As the CEO of the Jewish Community Center of Greater Pittsburgh, Brian Schreiber had always found his work intense. In the fall of 2018, he was preparing for a new challenge — Doron Krakow, the CEO of the JCC Association of North America, had tapped him to craft a white paper on professional development and talent retention for the entire movement of 157 centers and 13 overnight camps. The plan was to move to New York, where the association is based, on a three-month sabbatical in order to focus on that work. That process was supposed to start on Nov. 1. On Oct. 27, an avowed white supremacist massacred 11 Jews at prayer on Shabbat in the Tree of Life-Or L’Simcha Congregation, of which Schreiber and his family are members. He was central to the crisis response, to the year of mourning that followed and to the healing process that continues today. He wrote the white paper anyway, although the work was spread out over the year instead of compressed into the sabbatical period.
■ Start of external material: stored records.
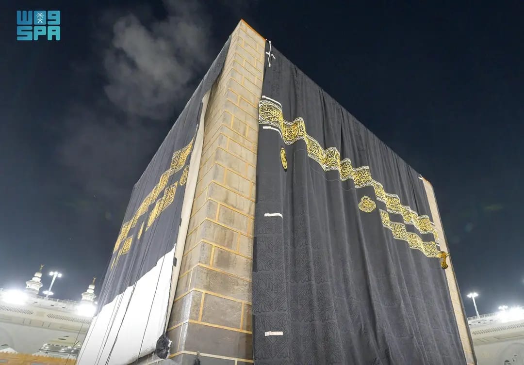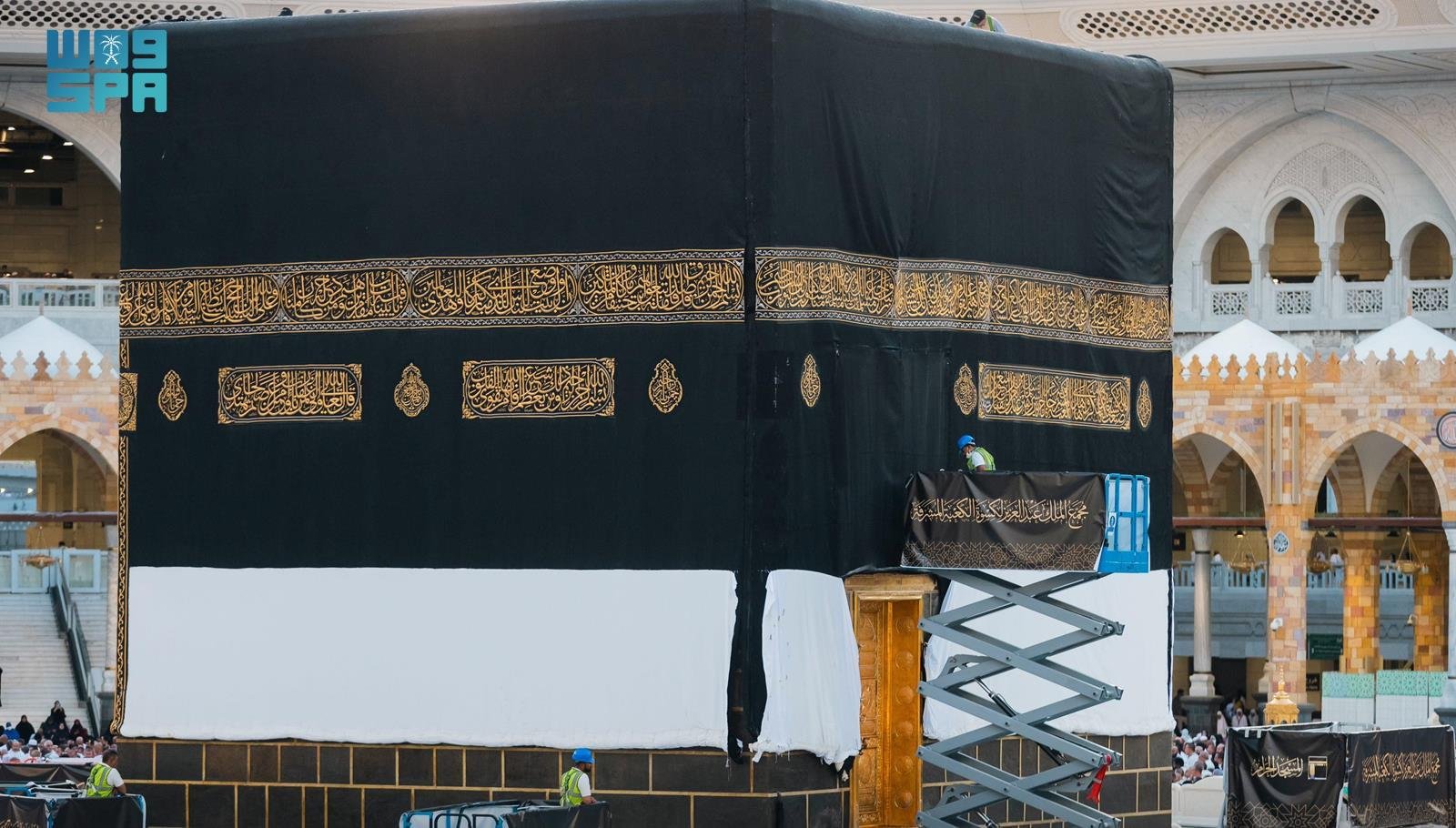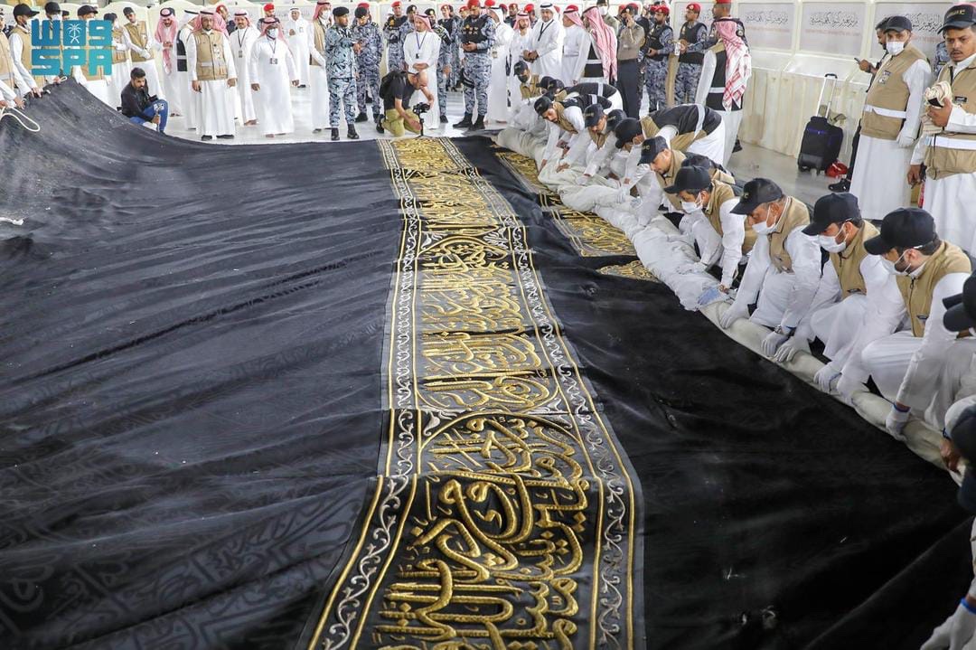 The installed Kiswa, weighing 1,350 kilograms and standing 14 meters high, consists of four separate sides and a door curtain. Each side of the holy Kaaba was individually raised to the top of the Kaaba in preparation for unfolding it over the old covering.
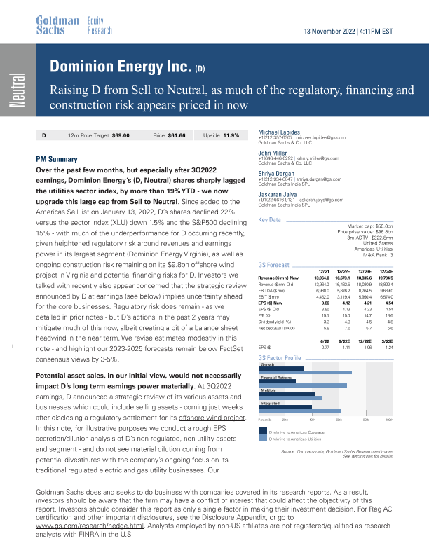 【Goldman Sachs】【20221113】Raising Dominion Energy from Sell to Neutral, as much of the regulatory, financing and construction risk appears priced in now-14页
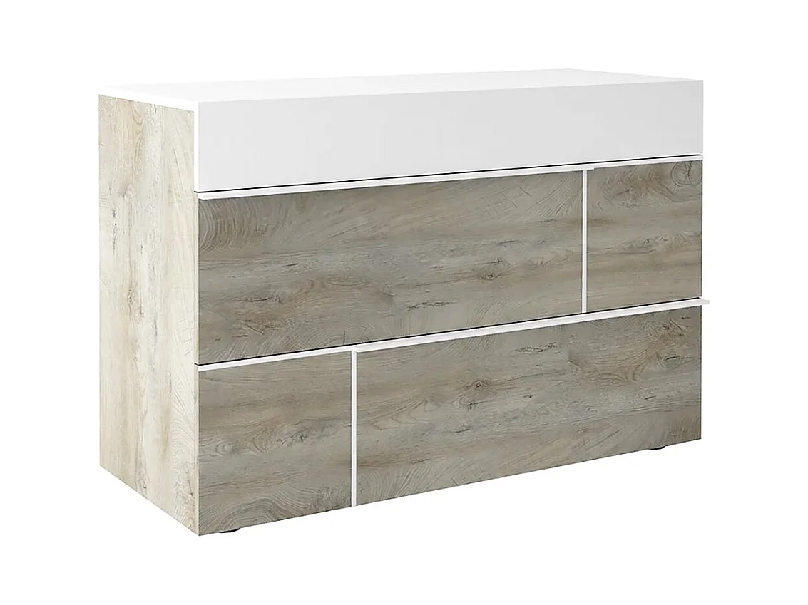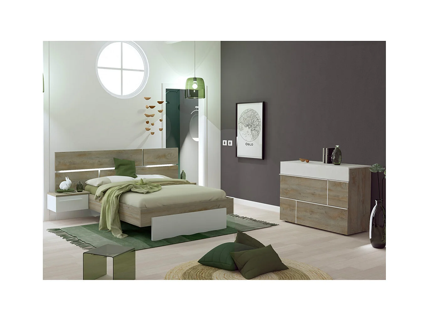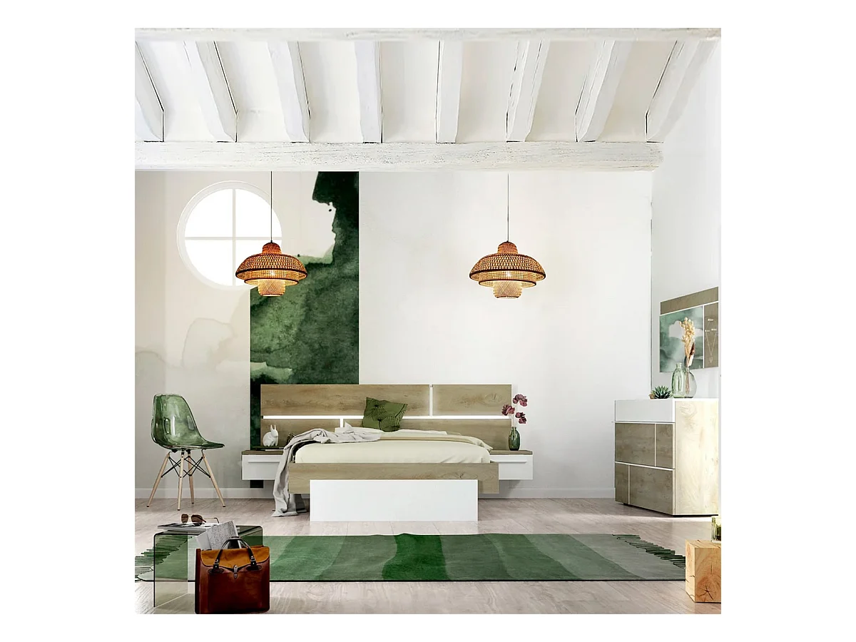 NINO LIGHT - Lit 140x190cm avec Leds et Chevets Suspendus + Commode
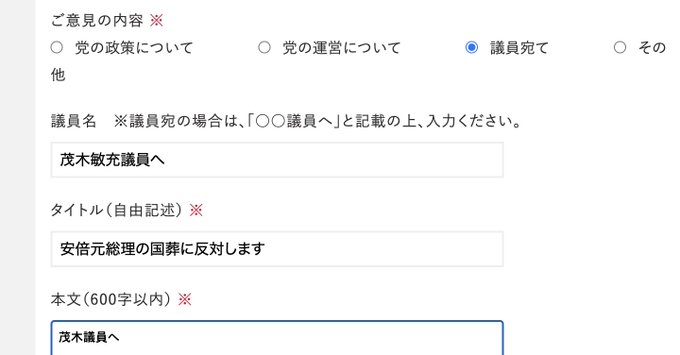 #安倍晋三の国葬に反対します 自民党のご意見ページには、議員宛ての項目があります。茂木議員は国民の声が聞こえてないみたいなので、茂木議員宛にメッセージを送ってあげましょう。 ssl.jimin.jp/m/contacts

The association was just about to publish it and start trying to implement it when the COVID-19 pandemic hit. Only recently has the center started to emerge from this latest crisis, he told eJewishPhilanthropy. “The last two-and-a-half years feel like a blur,” he said. “It’s helped me to understand as a Jew and a professional what really matters, and also the pain of people outside the Jewish community who have gone through traumas. It’s made me much more attuned to other people’s vulnerability.”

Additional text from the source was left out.